## EXERCISE BRIEF
Your output should be the complete listing, word for word, with no pictures in it.

## SUPPLIED INFORMATION
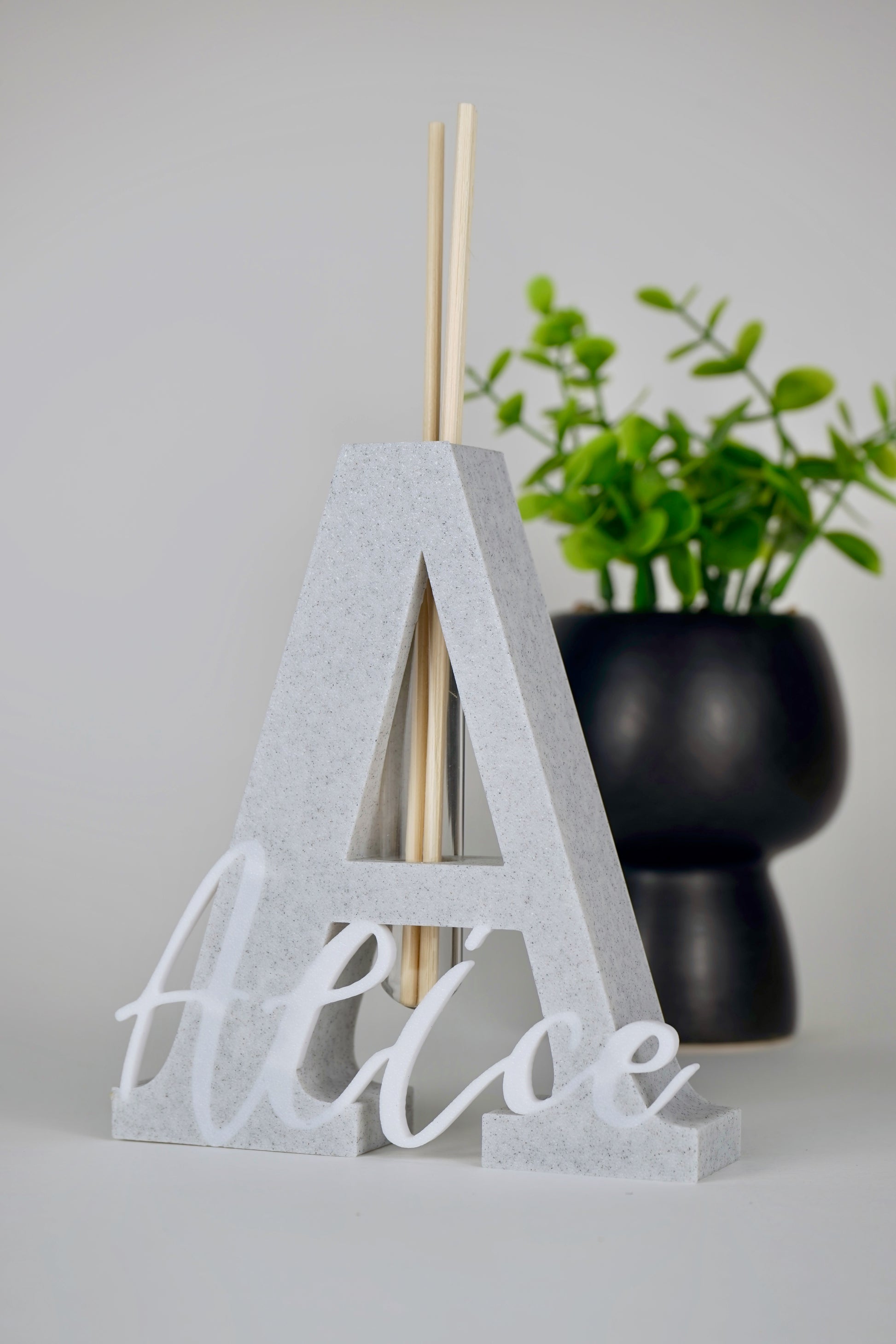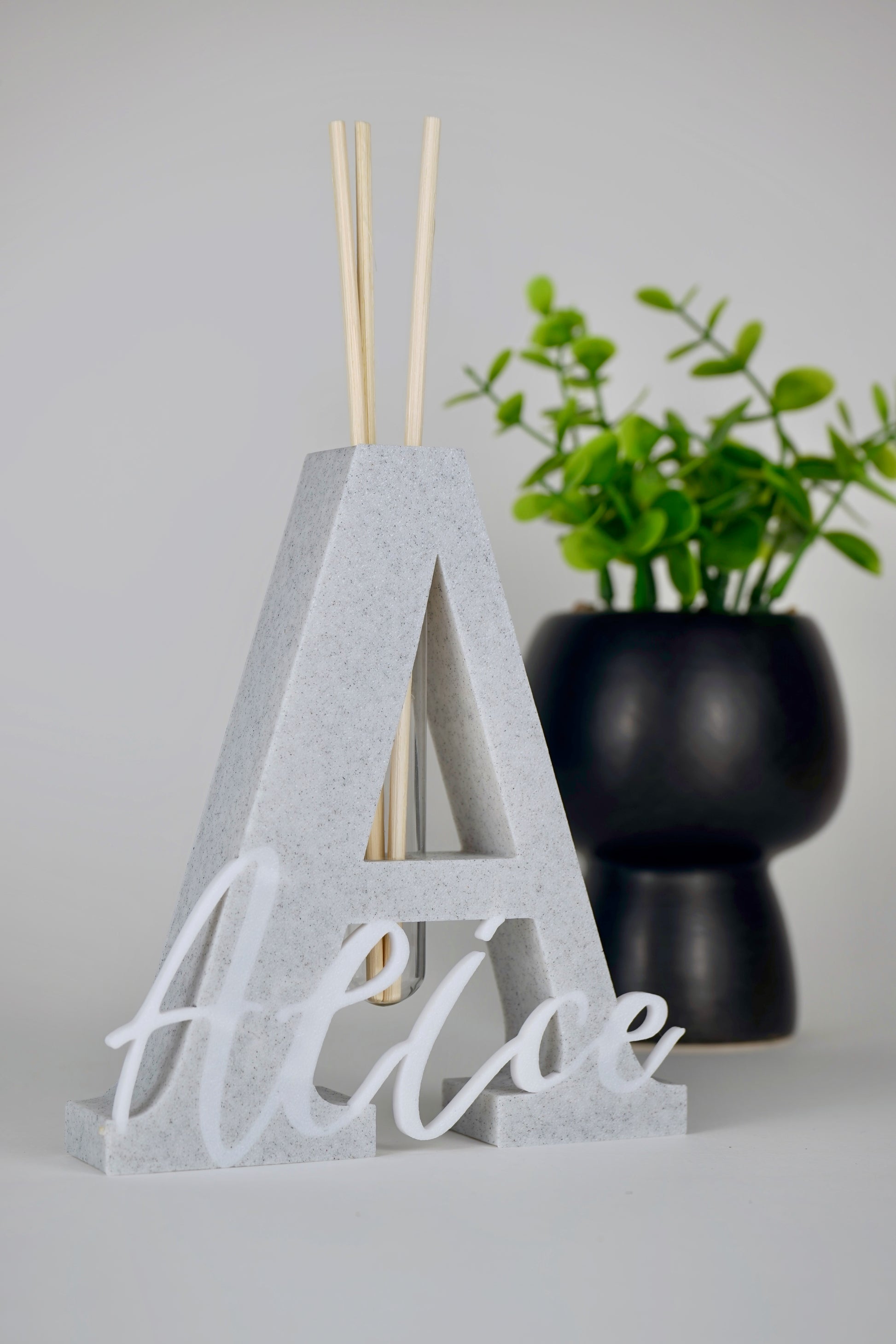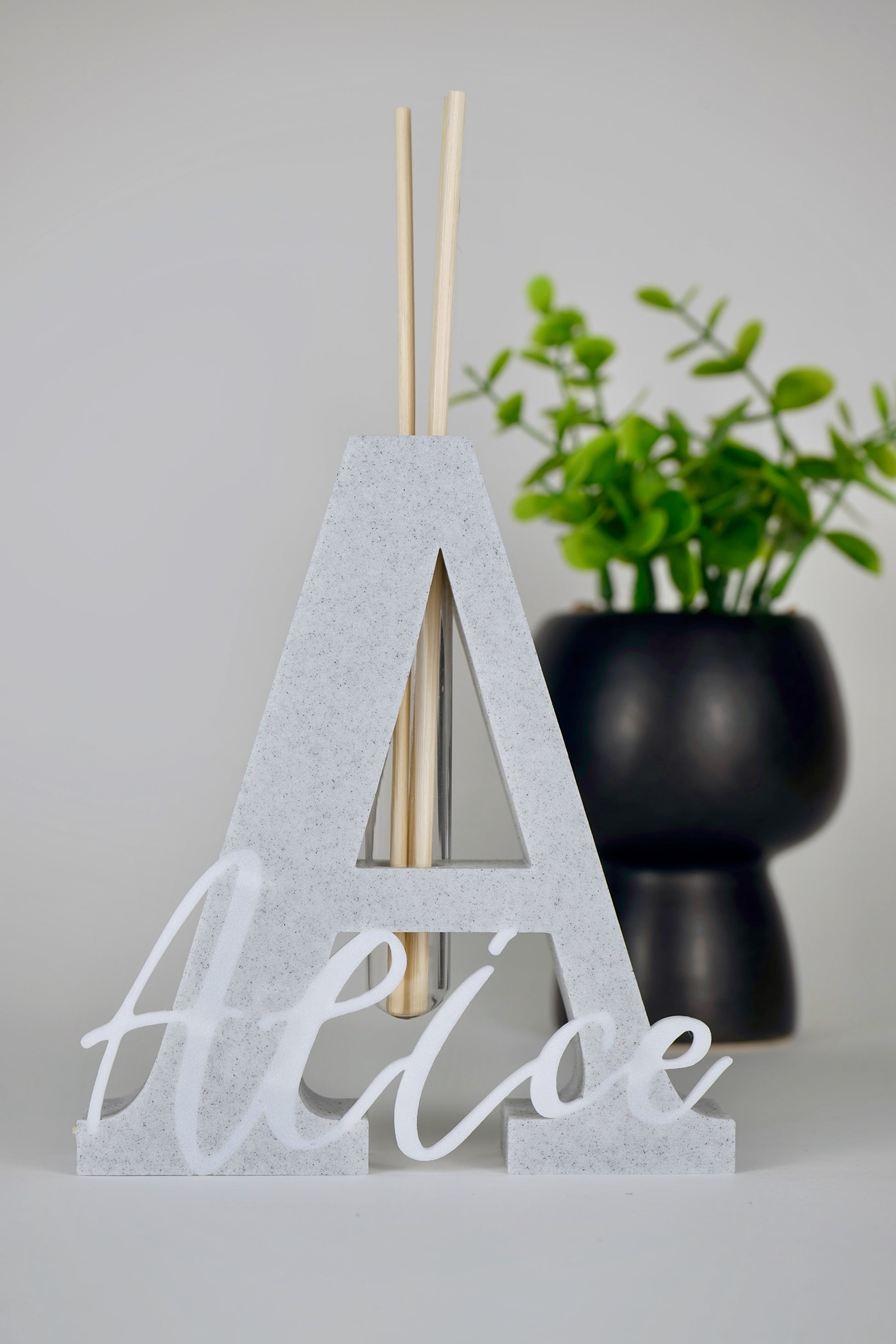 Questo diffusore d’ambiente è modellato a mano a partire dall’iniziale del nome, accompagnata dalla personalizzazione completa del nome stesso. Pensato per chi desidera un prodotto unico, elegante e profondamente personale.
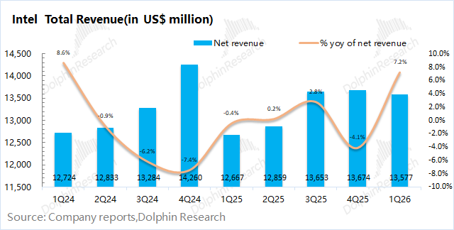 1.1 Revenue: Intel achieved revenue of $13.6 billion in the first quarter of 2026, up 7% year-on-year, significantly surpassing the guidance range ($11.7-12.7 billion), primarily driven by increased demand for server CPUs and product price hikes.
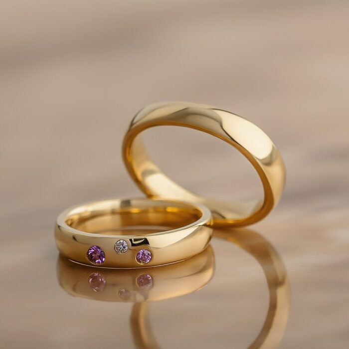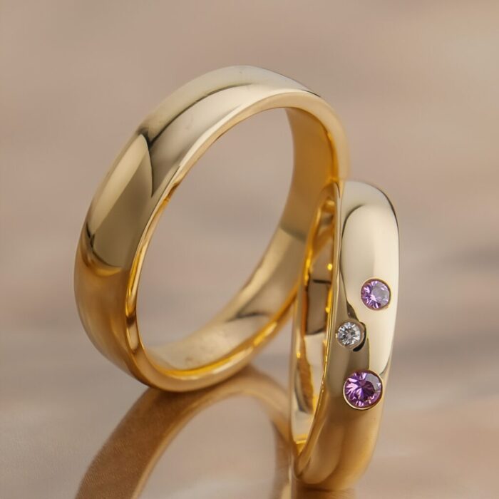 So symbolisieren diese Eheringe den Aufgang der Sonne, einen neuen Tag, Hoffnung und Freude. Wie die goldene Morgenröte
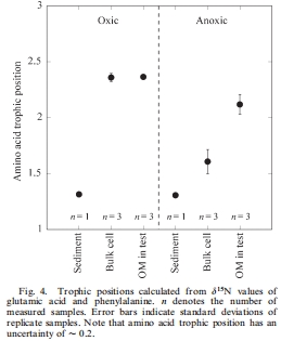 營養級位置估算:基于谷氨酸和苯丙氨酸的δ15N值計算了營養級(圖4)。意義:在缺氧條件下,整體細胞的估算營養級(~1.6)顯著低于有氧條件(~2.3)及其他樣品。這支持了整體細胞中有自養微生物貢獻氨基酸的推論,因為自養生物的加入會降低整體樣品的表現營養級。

## WRITTEN RESPONSE
 Questo diffusore d’ambiente è modellato a mano a partire dall’iniziale del nome, accompagnata dalla personalizzazione completa del nome stesso. Pensato per chi desidera un prodotto unico, elegante e profondamente personale.
 1.1 Revenue: Intel achieved revenue of $13.6 billion in the first quarter of 2026, up 7% year-on-year, significantly surpassing the guidance range ($11.7-12.7 billion), primarily driven by increased demand for server CPUs and product price hikes.
 So symbolisieren diese Eheringe den Aufgang der Sonne, einen neuen Tag, Hoffnung und Freude. Wie die goldene Morgenröte
 營養級位置估算:基于谷氨酸和苯丙氨酸的δ15N值計算了營養級(圖4)。意義:在缺氧條件下,整體細胞的估算營養級(~1.6)顯著低于有氧條件(~2.3)及其他樣品。這支持了整體細胞中有自養微生物貢獻氨基酸的推論,因為自養生物的加入會降低整體樣品的表現營養級。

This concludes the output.